■ Work task ■
For every record that follows, transcribe the text exactly and leave any image out.

── Records for this exercise ──

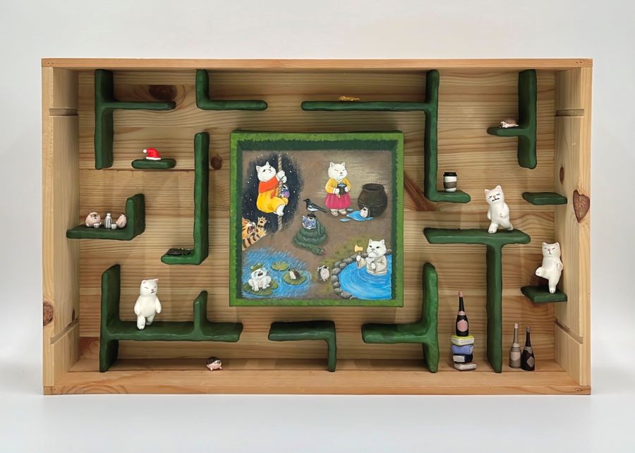 Yuja認為生活充滿了不確定性,有時我們不可避免地會迷失在“森林”中。當我們意識到自己的局限性,忽視自己的目標和起源,忽視周圍的小事時,我們會感到沮喪。然而,當我們冷靜下來仔細觀察時,即使在混亂中,我們也能找到我們獨特的自我。在我們困惑的日子里,一路上的所有經歷都成為我們生活的一部分。Yuja畫作中的花朵、樹木和女孩看似嬌嫩而脆弱,但在她看來,它們象徵著成長的空間和無限的潛力。藝術家希望邀請大家進入這些治癒的場景。
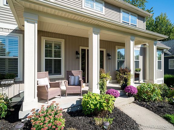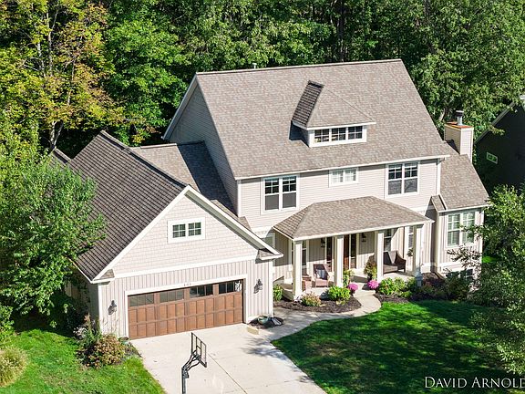 Just minutes from Lake Michigan beaches and downtown Holland, this spectacular 5-bedroom, 4.5-bath home in Pine Island sits on over a 1/2 acre lot. With two primary suites, it's perfectly designed for modern living and hosting guests. Inside, you'll find chestnut wood floors throughout much of the main level, and a chef's kitchen featuring custom cabinetry, granite countertops, and stainless steel appliances. The dining area opens to a screened porch and deck, ideal for indoor-outdoor entertaining. The primary suite boasts vaulted ceilings, his-and-hers closets, and a spa-like bath. Every bathroom is finished with ceramic tile for durability and style. The extra-deep stall garage (3 car) provides room for all the extras. Additional details like thoughtful storage, quality finishes, and timeless design make this home truly one-of-a-kind. Premier location in a neighborhood with custom homes. Enjoy lakeshore living at its finest!
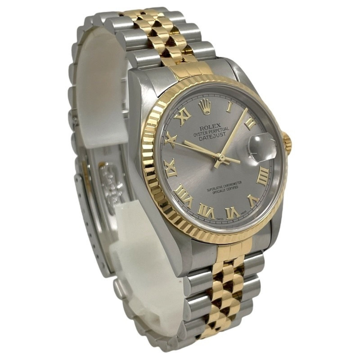 Pre-Owned ROLEX Datejust 16233 Men's Stainless Steel Yellow Gold Automatic Watch, K Series, Gray Roman Slate
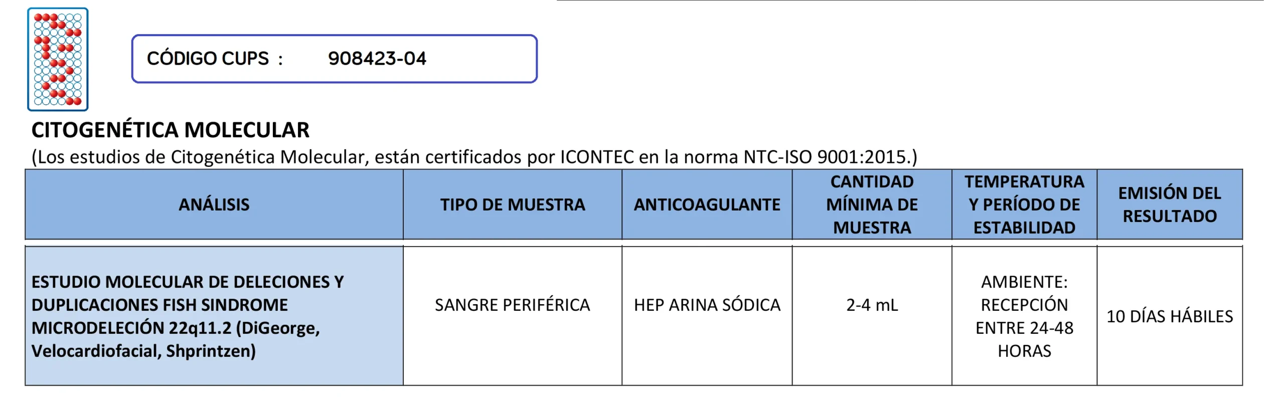 p9-2 ESTUDIO MOLECULAR DE DELECIONES Y DUPLICACIONES FISH SINDROME MICRODELECIÓN 22q11.2 (DiGeorge, Velocardiofacial, Shprintzen) 90.8.4.23-04
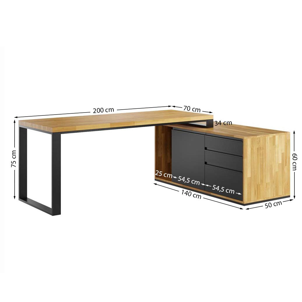 Biurko z szafką i szufladami. Funkcjonalne, naroże biurko z kontenerem 200×70
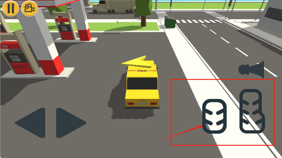 2、驾驶黄色出租车前往加油站加油,通过右侧的轮胎按键来操控方向。
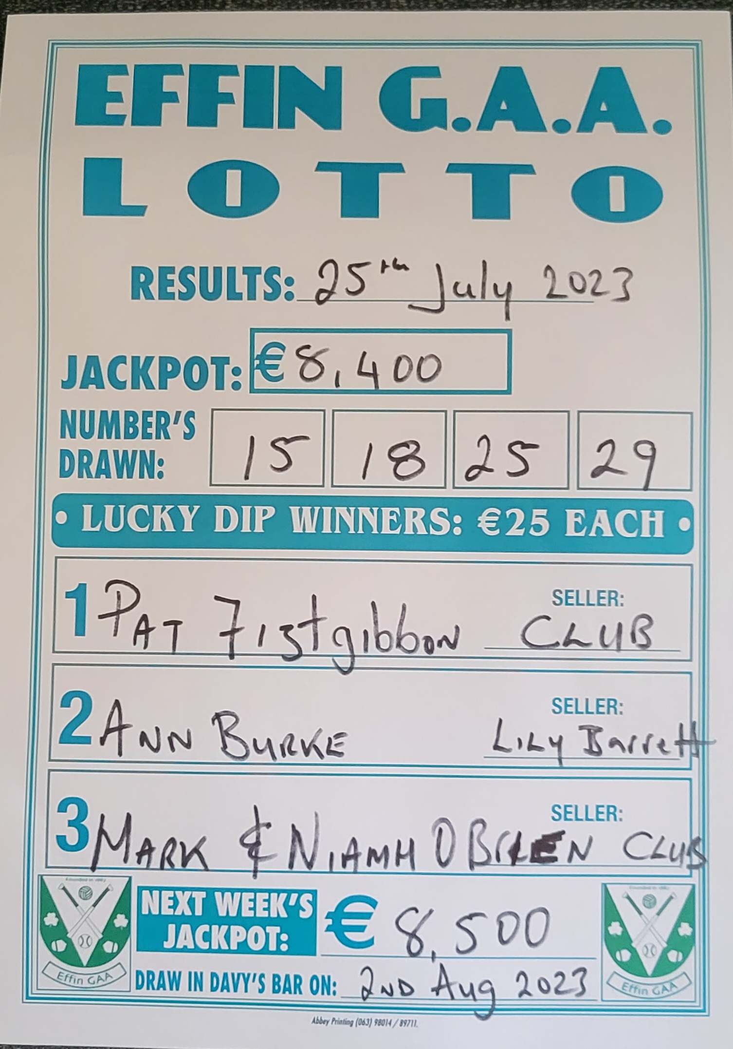 Effin GAA Lotto Results 25th july 2023 Very well made.
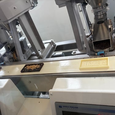From there, you move into the production area where your chocolate bar is actually made. You can watch it travel down the conveyor belt, see the mix-ins added, and even spot your name on the big screen showing which number your bar is on the line. This was a huge hit.
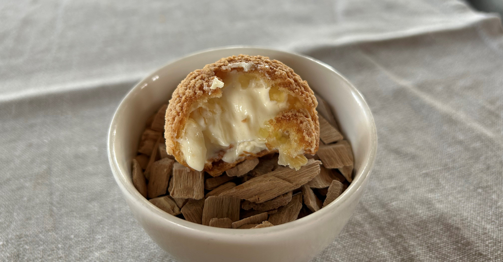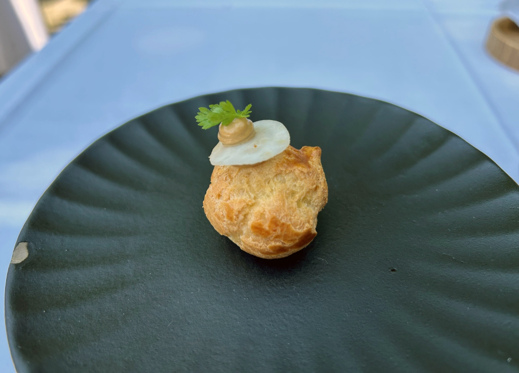 – a puff pastry filled with sardine mousse decorated with a melon disc and flowers, and
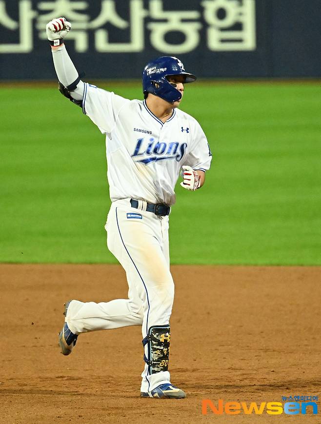 박진만 감독은 포스트시즌을 치르며 "지난해 한국시리즈까지 진출한 경험으로 젊은 선수들이 성장했다"고 이야기했다. 이재현, 김영웅 등 '젊은 사자'들이 포효한 삼성은 아름다운 가을 질주를 펼쳤다.(사진=김영웅/뉴스엔DB)
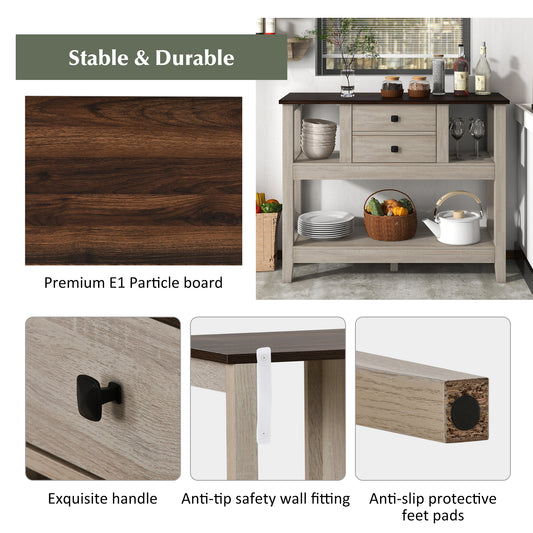 2 drawers Sideboard, Kitchen Buffet, Cupboard Storage Cabinet, natural, 106*40*90 cm
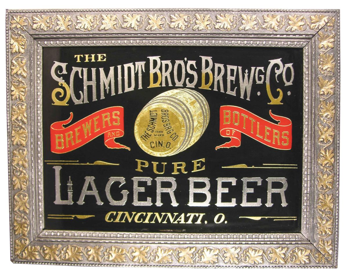 Schmidt Bro's Brew'g Co. Reverse Glass Sign in original frame. Brewers and Bottlers, Pure Lager Beer, Cincinnati, O. Made by the Hope Co., Cincinnati, OH. Excellent condition. 35 X 27 1/2 inches overall.
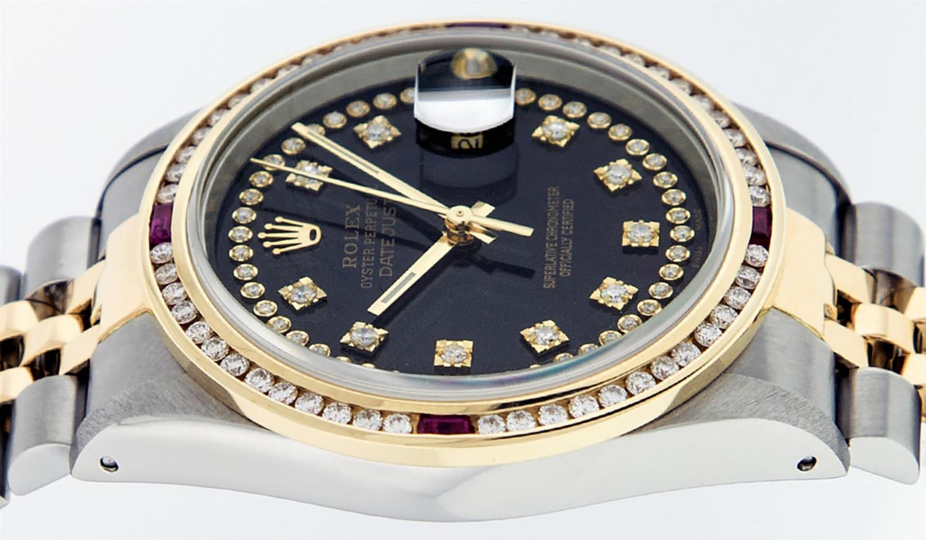 One Mens Yellow Gold Two Tone Rolex Datejust Polished, Serviced & Electronically Tested, Yellow Gold & Stainless Steel Case: 36mm, Yellow Gold Crown, Custom Bezel: 18K Yellow Gold Ruby Channel Set Diamond Bezel, Diamond Count: 52 Diamonds + 4 Rubies, Total Weight 1.30 Carat, Clarity: SI-VS, Color: G to H. Custom Crystal: New Scratch Resistant Synthetic Sapphire Cyclops Lens. Custom Hands: New Luminecent Hands. Movement: Automatic Winding Movement. Custom Dial: Black String Diamond Dial With Single Cut Diamonds, Diamond Count: 58 Diamonds in Dial. Date Window: 3 O'Clock Position Date Display, Quickset, Model: Datejust. Condition: G-6 Extra Fine. Bracelet: Two Tone Yellow Gold & Stainless Steel Jubilee Band. Bright Polish. 7.0 Inch Length, Adjustable. Standard Clasp, With Rolex Logo. This Watch Has Been Serviced Time Tested And Is In Excellent Condition It Is Free Of All Scratches And Dents.
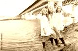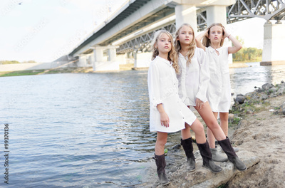 Portrait of three girlfriends on the nature

───

■ Result ■
 Yuja認為生活充滿了不確定性,有時我們不可避免地會迷失在“森林”中。當我們意識到自己的局限性,忽視自己的目標和起源,忽視周圍的小事時,我們會感到沮喪。然而,當我們冷靜下來仔細觀察時,即使在混亂中,我們也能找到我們獨特的自我。在我們困惑的日子里,一路上的所有經歷都成為我們生活的一部分。Yuja畫作中的花朵、樹木和女孩看似嬌嫩而脆弱,但在她看來,它們象徵著成長的空間和無限的潛力。藝術家希望邀請大家進入這些治癒的場景。
 Just minutes from Lake Michigan beaches and downtown Holland, this spectacular 5-bedroom, 4.5-bath home in Pine Island sits on over a 1/2 acre lot. With two primary suites, it's perfectly designed for modern living and hosting guests. Inside, you'll find chestnut wood floors throughout much of the main level, and a chef's kitchen featuring custom cabinetry, granite countertops, and stainless steel appliances. The dining area opens to a screened porch and deck, ideal for indoor-outdoor entertaining. The primary suite boasts vaulted ceilings, his-and-hers closets, and a spa-like bath. Every bathroom is finished with ceramic tile for durability and style. The extra-deep stall garage (3 car) provides room for all the extras. Additional details like thoughtful storage, quality finishes, and timeless design make this home truly one-of-a-kind. Premier location in a neighborhood with custom homes. Enjoy lakeshore living at its finest!
 Pre-Owned ROLEX Datejust 16233 Men's Stainless Steel Yellow Gold Automatic Watch, K Series, Gray Roman Slate
 p9-2 ESTUDIO MOLECULAR DE DELECIONES Y DUPLICACIONES FISH SINDROME MICRODELECIÓN 22q11.2 (DiGeorge, Velocardiofacial, Shprintzen) 90.8.4.23-04
 Biurko z szafką i szufladami. Funkcjonalne, naroże biurko z kontenerem 200×70
 2、驾驶黄色出租车前往加油站加油,通过右侧的轮胎按键来操控方向。
 Effin GAA Lotto Results 25th july 2023 Very well made.
From there, you move into the production area where your chocolate bar is actually made. You can watch it travel down the conveyor belt, see the mix-ins added, and even spot your name on the big screen showing which number your bar is on the line. This was a huge hit.
 – a puff pastry filled with sardine mousse decorated with a melon disc and flowers, and
 박진만 감독은 포스트시즌을 치르며 "지난해 한국시리즈까지 진출한 경험으로 젊은 선수들이 성장했다"고 이야기했다. 이재현, 김영웅 등 '젊은 사자'들이 포효한 삼성은 아름다운 가을 질주를 펼쳤다.(사진=김영웅/뉴스엔DB)
 2 drawers Sideboard, Kitchen Buffet, Cupboard Storage Cabinet, natural, 106*40*90 cm
 Schmidt Bro's Brew'g Co. Reverse Glass Sign in original frame. Brewers and Bottlers, Pure Lager Beer, Cincinnati, O. Made by the Hope Co., Cincinnati, OH. Excellent condition. 35 X 27 1/2 inches overall.
 One Mens Yellow Gold Two Tone Rolex Datejust Polished, Serviced & Electronically Tested, Yellow Gold & Stainless Steel Case: 36mm, Yellow Gold Crown, Custom Bezel: 18K Yellow Gold Ruby Channel Set Diamond Bezel, Diamond Count: 52 Diamonds + 4 Rubies, Total Weight 1.30 Carat, Clarity: SI-VS, Color: G to H. Custom Crystal: New Scratch Resistant Synthetic Sapphire Cyclops Lens. Custom Hands: New Luminecent Hands. Movement: Automatic Winding Movement. Custom Dial: Black String Diamond Dial With Single Cut Diamonds, Diamond Count: 58 Diamonds in Dial. Date Window: 3 O'Clock Position Date Display, Quickset, Model: Datejust. Condition: G-6 Extra Fine. Bracelet: Two Tone Yellow Gold & Stainless Steel Jubilee Band. Bright Polish. 7.0 Inch Length, Adjustable. Standard Clasp, With Rolex Logo. This Watch Has Been Serviced Time Tested And Is In Excellent Condition It Is Free Of All Scratches And Dents.
 Portrait of three girlfriends on the nature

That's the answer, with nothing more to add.